**What to do**
Exactly as written, copy every line from the one containing "aquarelle – Certifié Oeko-Tex®" through the end of the records, with the pictures left out.

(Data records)
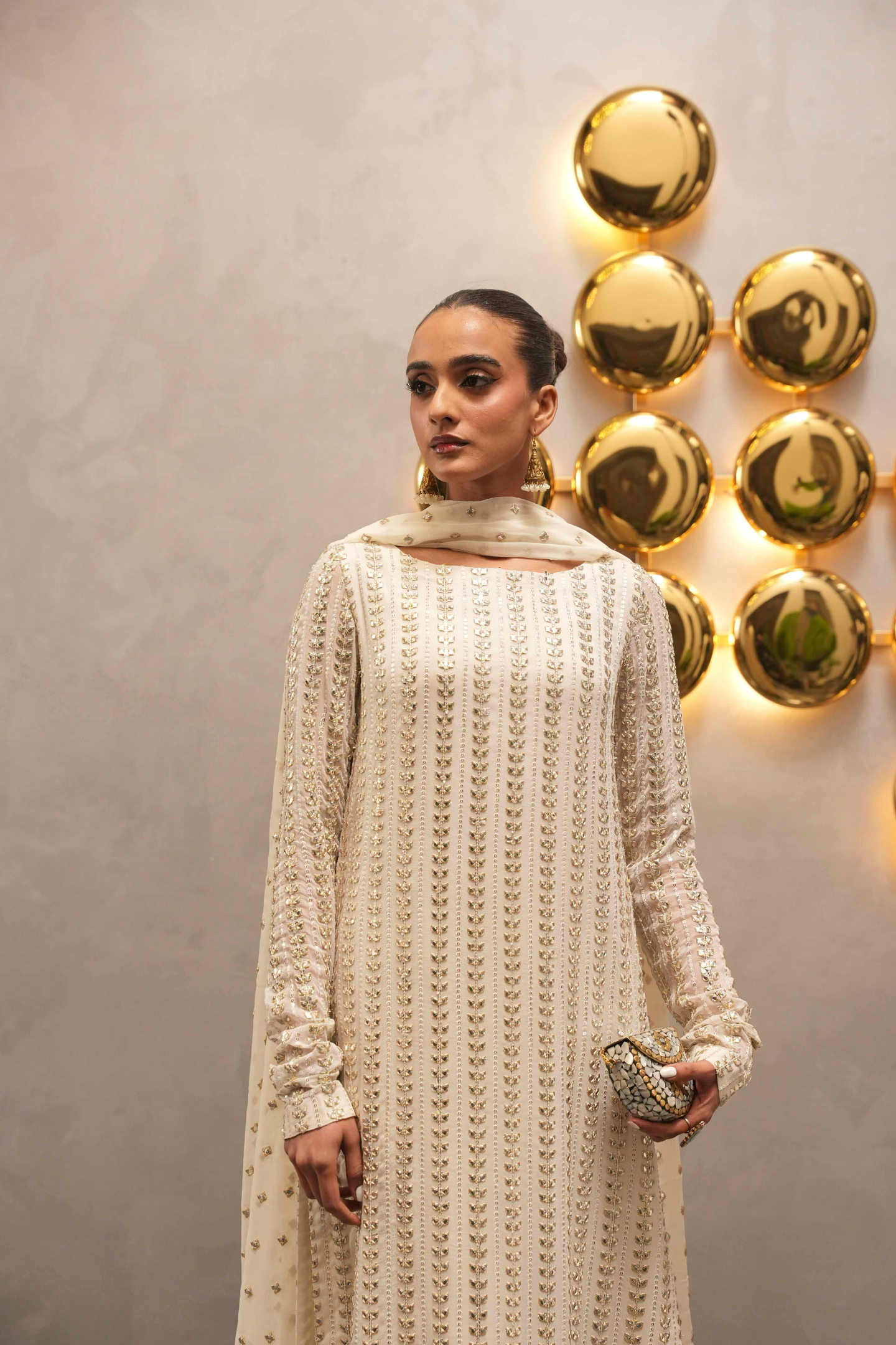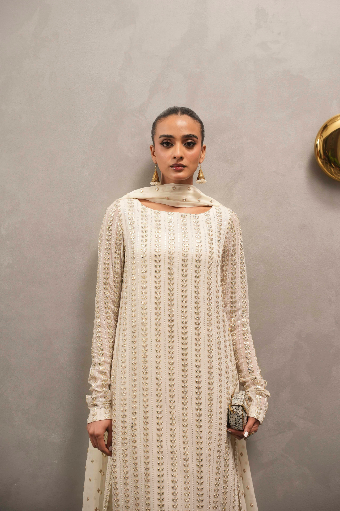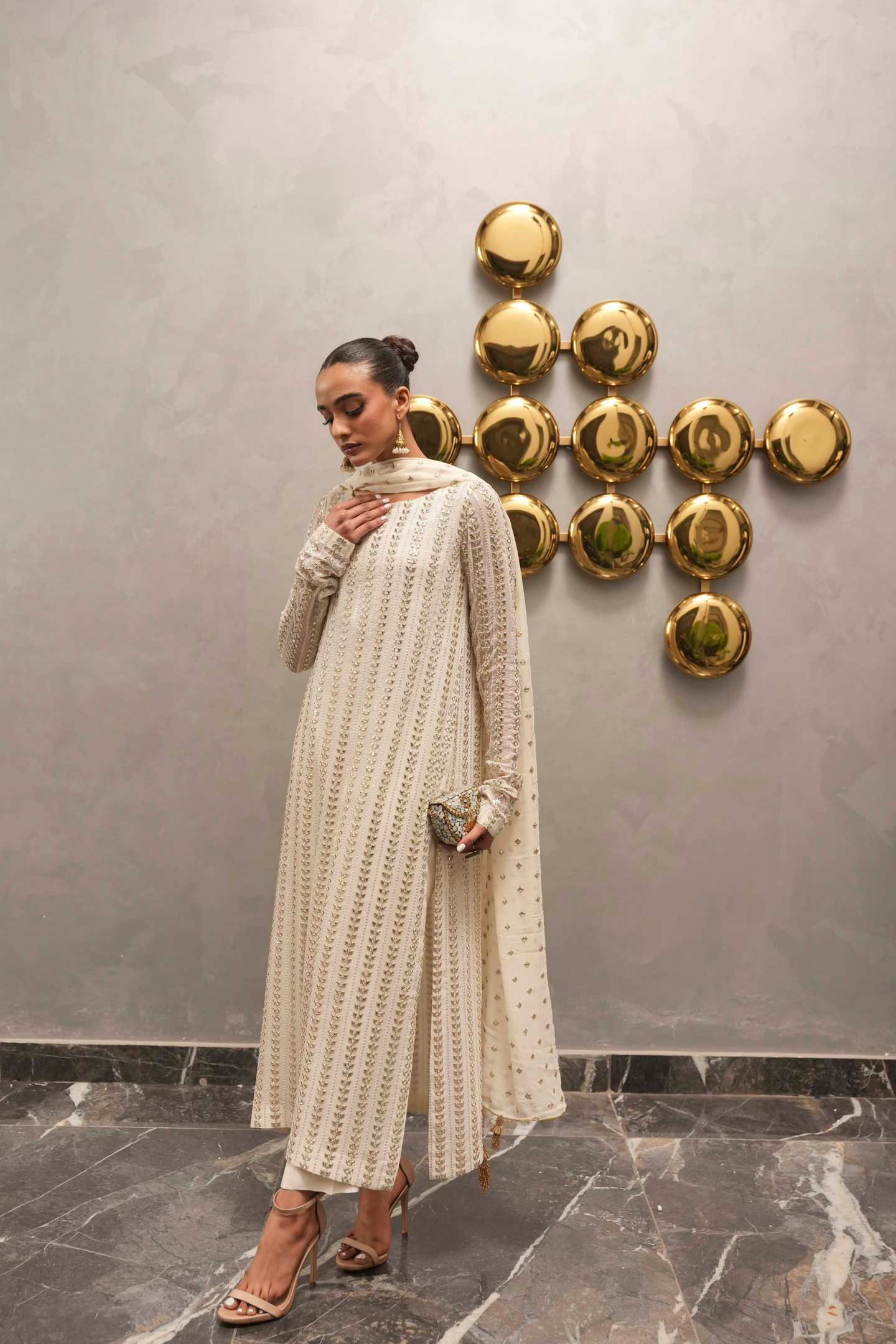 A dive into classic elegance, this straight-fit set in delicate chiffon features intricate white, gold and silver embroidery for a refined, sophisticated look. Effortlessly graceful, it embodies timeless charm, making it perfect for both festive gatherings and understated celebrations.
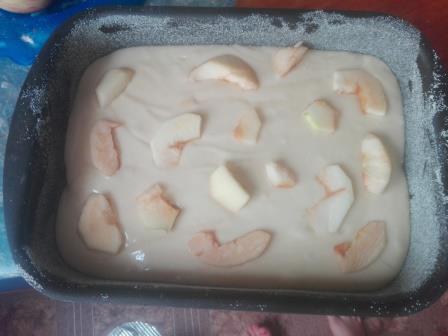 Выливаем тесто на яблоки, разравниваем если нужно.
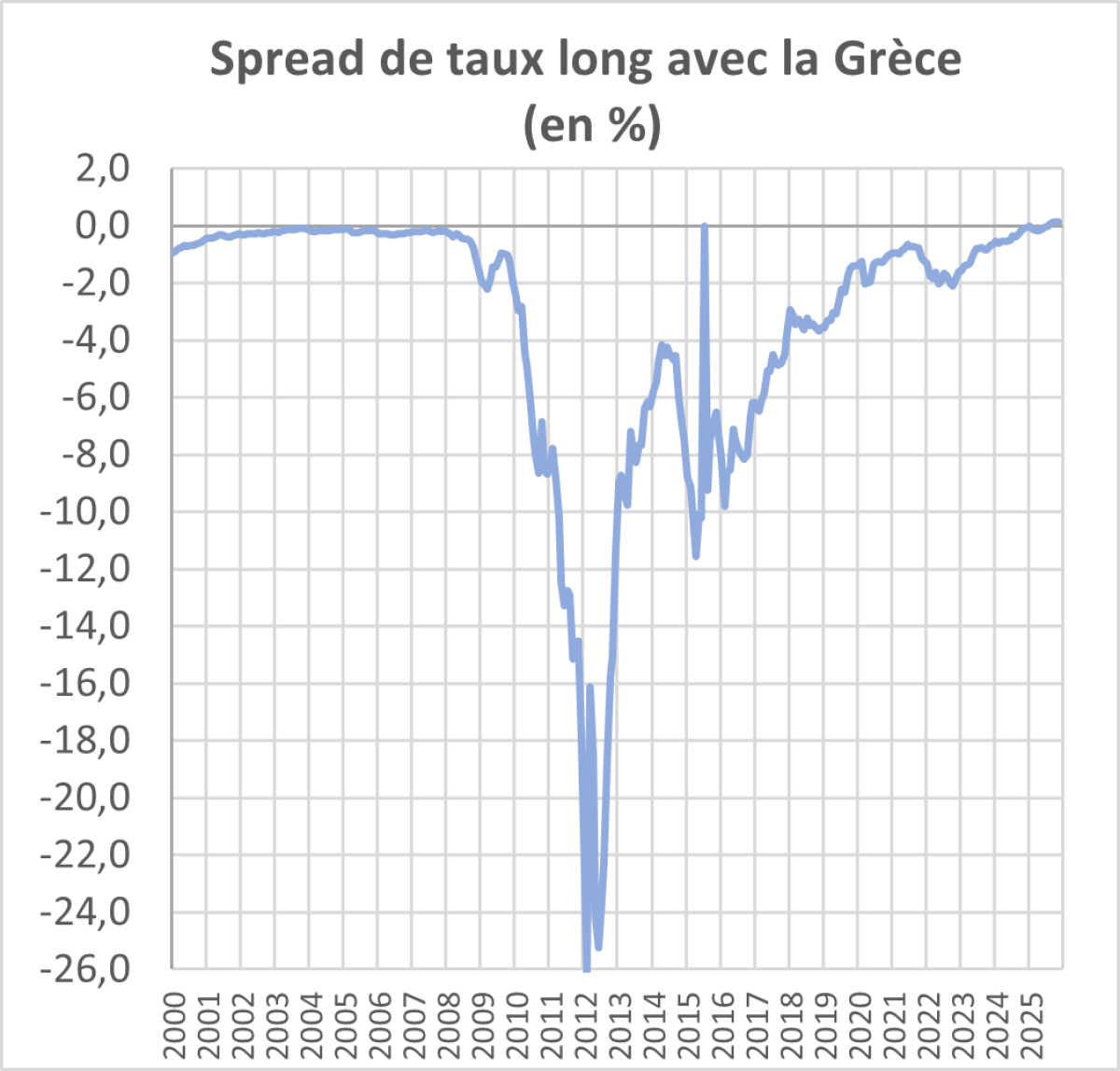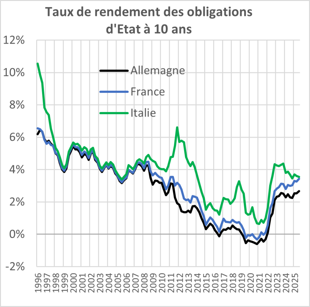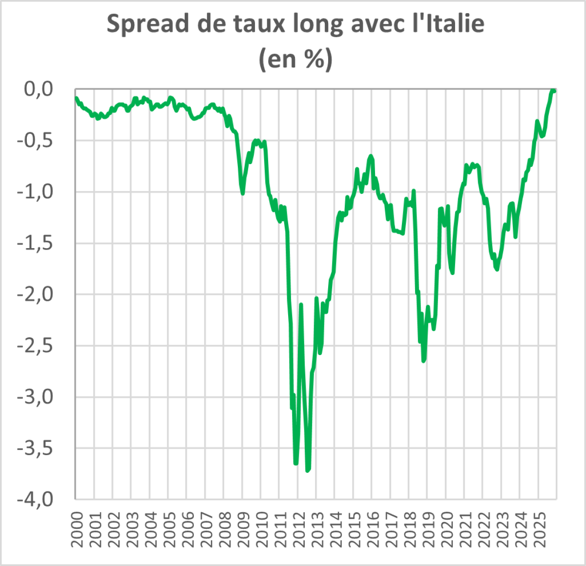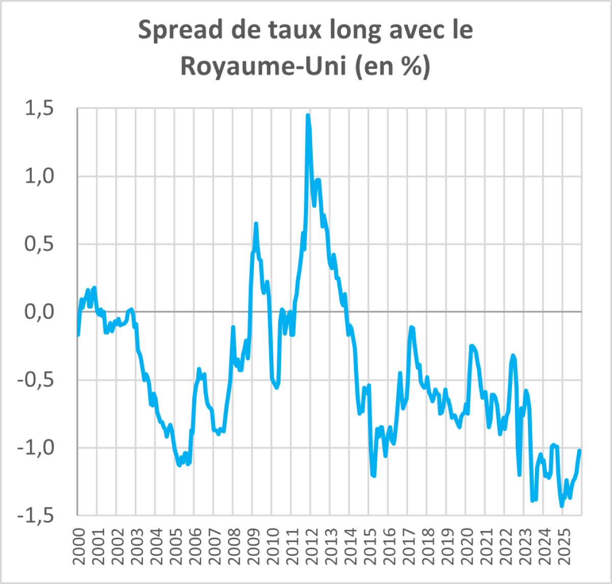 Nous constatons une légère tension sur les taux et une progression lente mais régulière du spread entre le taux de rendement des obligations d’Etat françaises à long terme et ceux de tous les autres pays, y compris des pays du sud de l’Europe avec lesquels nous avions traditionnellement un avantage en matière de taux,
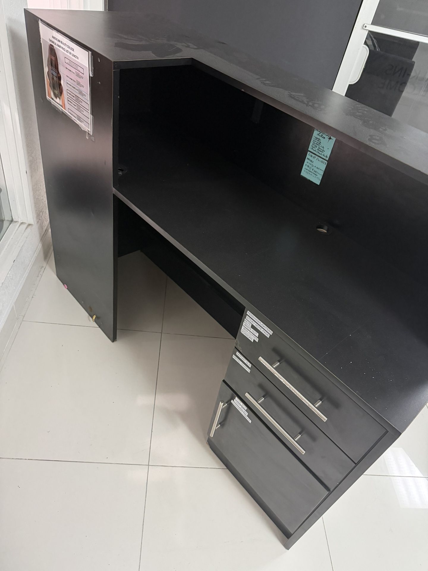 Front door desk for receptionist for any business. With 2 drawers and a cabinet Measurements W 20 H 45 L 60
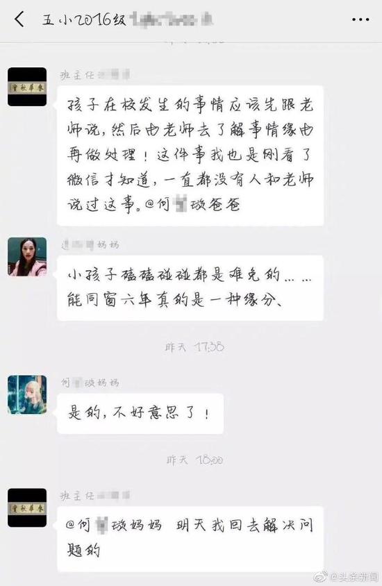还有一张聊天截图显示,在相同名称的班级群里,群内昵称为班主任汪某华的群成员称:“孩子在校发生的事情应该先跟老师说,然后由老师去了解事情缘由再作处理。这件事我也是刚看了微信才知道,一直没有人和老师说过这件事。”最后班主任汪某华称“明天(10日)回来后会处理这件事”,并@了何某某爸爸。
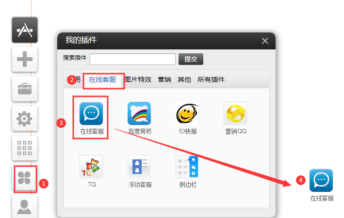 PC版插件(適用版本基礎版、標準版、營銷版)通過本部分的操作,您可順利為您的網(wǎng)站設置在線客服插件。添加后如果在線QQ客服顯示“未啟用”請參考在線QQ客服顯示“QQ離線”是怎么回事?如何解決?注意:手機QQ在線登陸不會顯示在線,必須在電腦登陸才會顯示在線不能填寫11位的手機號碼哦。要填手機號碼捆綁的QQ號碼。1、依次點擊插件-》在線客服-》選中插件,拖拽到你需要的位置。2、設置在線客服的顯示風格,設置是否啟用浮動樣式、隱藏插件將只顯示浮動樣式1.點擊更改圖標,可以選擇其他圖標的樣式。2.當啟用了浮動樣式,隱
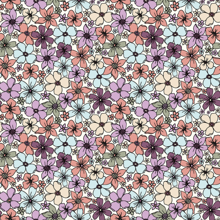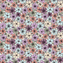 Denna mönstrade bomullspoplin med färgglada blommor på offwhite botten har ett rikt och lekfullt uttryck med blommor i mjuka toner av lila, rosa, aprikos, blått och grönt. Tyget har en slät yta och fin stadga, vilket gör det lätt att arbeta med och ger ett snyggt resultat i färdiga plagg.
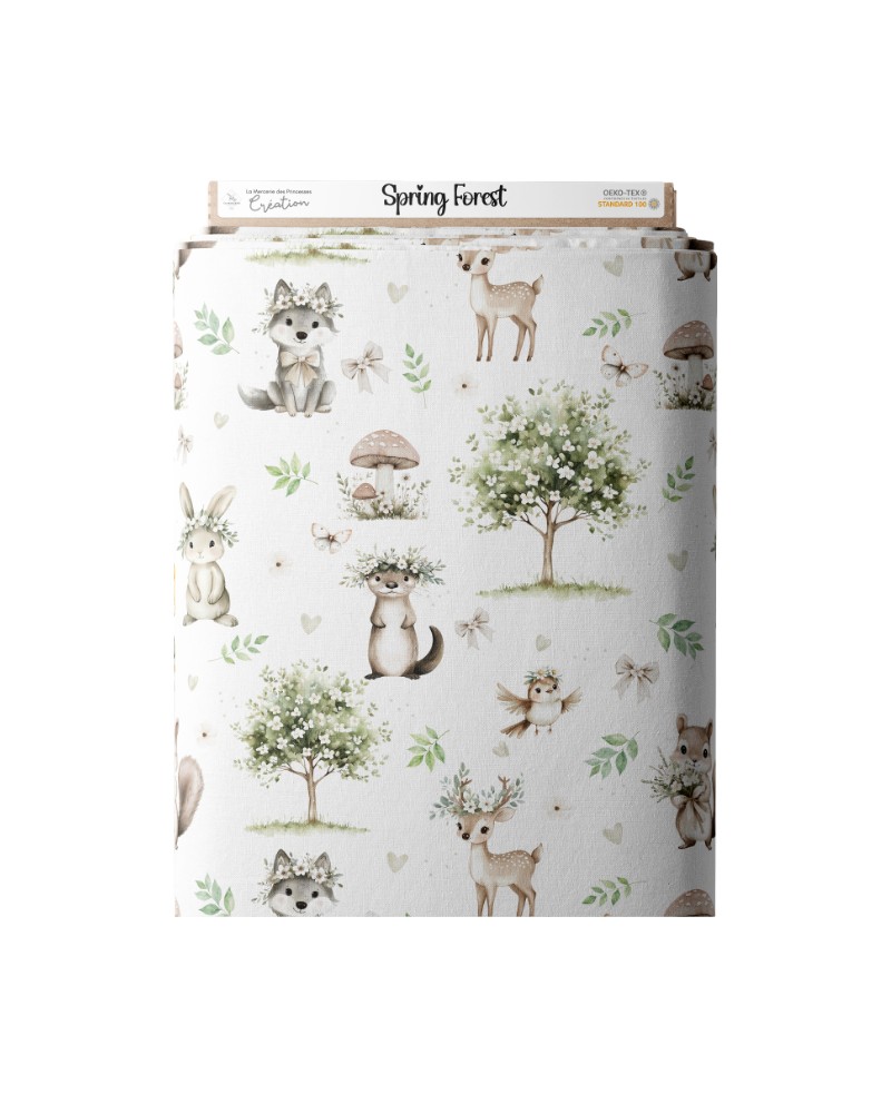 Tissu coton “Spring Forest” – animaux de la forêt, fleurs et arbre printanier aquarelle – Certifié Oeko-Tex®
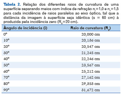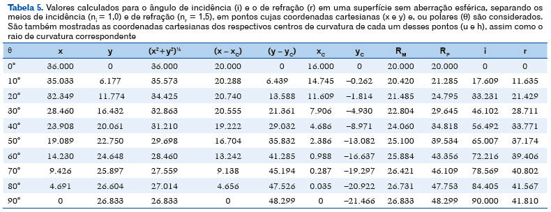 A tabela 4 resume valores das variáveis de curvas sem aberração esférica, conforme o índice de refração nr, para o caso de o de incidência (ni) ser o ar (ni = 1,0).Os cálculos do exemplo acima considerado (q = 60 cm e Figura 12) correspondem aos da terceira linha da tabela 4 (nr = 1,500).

**Exercise output**
 Tissu coton “Spring Forest” – animaux de la forêt, fleurs et arbre printanier aquarelle – Certifié Oeko-Tex®
 A tabela 4 resume valores das variáveis de curvas sem aberração esférica, conforme o índice de refração nr, para o caso de o de incidência (ni) ser o ar (ni = 1,0).Os cálculos do exemplo acima considerado (q = 60 cm e Figura 12) correspondem aos da terceira linha da tabela 4 (nr = 1,500).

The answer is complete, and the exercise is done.